Data extracted from a collection:

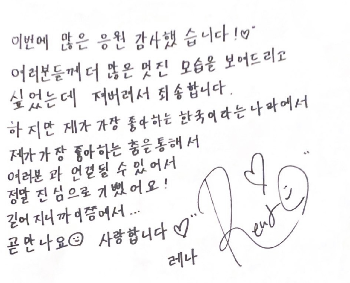 레나는 탈락 후 본인의 인스타그램에 한글로 자필 편지를 올렸습니다. ‘제가 가장 좋아하는 한국이라는 나라 에서 제가 가장 좋아하는 줌을 통해서 여러분과 연결 될 수 있어서 정말 진심으로 기뻤어요!’라고 말하며 많은 화제가 되고 있습니다.
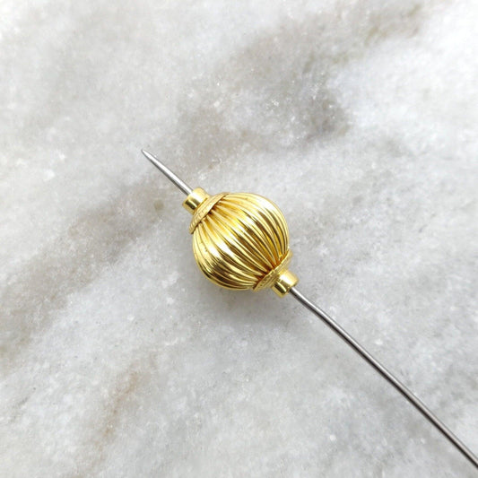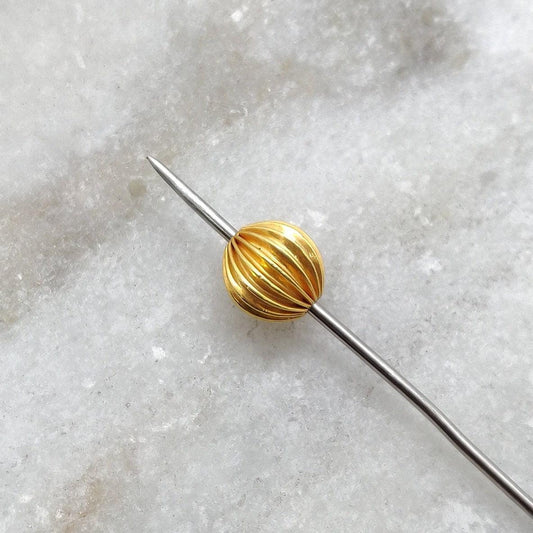 18K Solid Yellow Gold Fancy Fluted Ball Beads 19x13.5mm
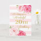 Feliz 20 cumpleaños con flores de acuarela rosa, rayas rosas y versos reflexivos.
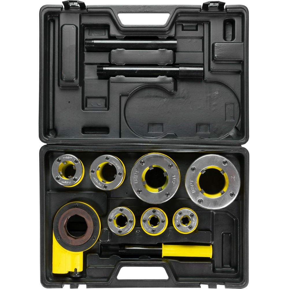 Építs stabil víz-, gáz- vagy fűtésrendszert könnyedén a Strend Pro PP3304.T062 menetvágó készlettel! A 7 részes, 3/8–2 col közötti fejekkel felszerelt szett minden gyakori csőátmérőhöz biztosít precíz, tiszta külső menetet. A keményített acél betétek hosszú élettartamot, a sárga, jól látható ház pedig gyors azonosítást garantál. A hosszabbító karok révén szűk helyeken is hatékony a fogás, míg a masszív, ütésálló műanyag hordtáska védi és rendszerezi a teljes készletet.
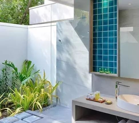 海滩别墅宁静而优美,浴室设有室内室外空间,充满乡土植物的气息,还配有淋雨花洒,长浴缸,别墅前有一张沙发椅和日光躺椅。
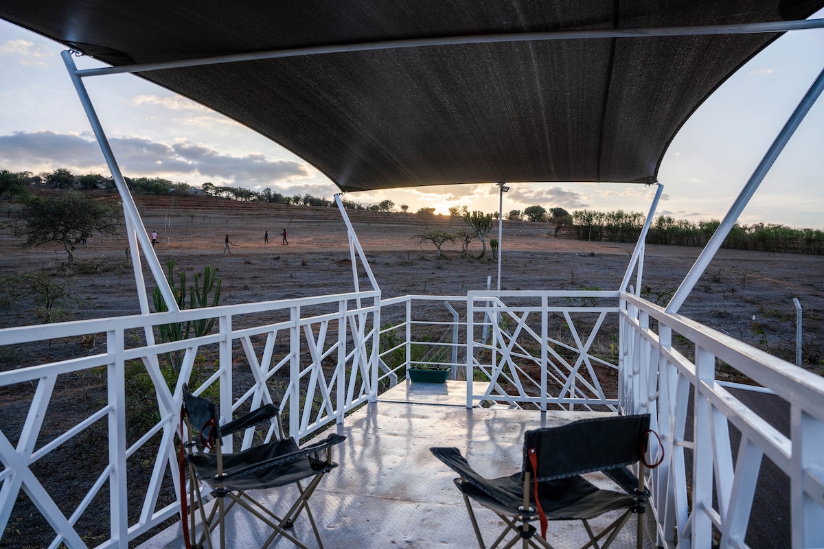 Escape to our hilltop farm oasis! Enjoy our home with an orchard and friendly animals, surrounded by breathtaking views of Lukenya & Ngong hills. Pick fresh fruit from the seasonal orchard or interact with the goats, chickens, & geese. Our spacious outdoor creates a warm atmosphere for relaxing with family and provide a peaceful retreat after exploring nearby hiking trails, & seasonal streams. Book now for an unforgettable nature-filled getaway!

[ACTION ITEM]
Starting at the line that contains "Építs stabil víz-, gáz- vagy", write out every line through the final line of the entries, word for word; skip any pictures.

[SOLUTION FOR THIS PROBLEM]
 Építs stabil víz-, gáz- vagy fűtésrendszert könnyedén a Strend Pro PP3304.T062 menetvágó készlettel! A 7 részes, 3/8–2 col közötti fejekkel felszerelt szett minden gyakori csőátmérőhöz biztosít precíz, tiszta külső menetet. A keményített acél betétek hosszú élettartamot, a sárga, jól látható ház pedig gyors azonosítást garantál. A hosszabbító karok révén szűk helyeken is hatékony a fogás, míg a masszív, ütésálló műanyag hordtáska védi és rendszerezi a teljes készletet.
 海滩别墅宁静而优美,浴室设有室内室外空间,充满乡土植物的气息,还配有淋雨花洒,长浴缸,别墅前有一张沙发椅和日光躺椅。
 Escape to our hilltop farm oasis! Enjoy our home with an orchard and friendly animals, surrounded by breathtaking views of Lukenya & Ngong hills. Pick fresh fruit from the seasonal orchard or interact with the goats, chickens, & geese. Our spacious outdoor creates a warm atmosphere for relaxing with family and provide a peaceful retreat after exploring nearby hiking trails, & seasonal streams. Book now for an unforgettable nature-filled getaway!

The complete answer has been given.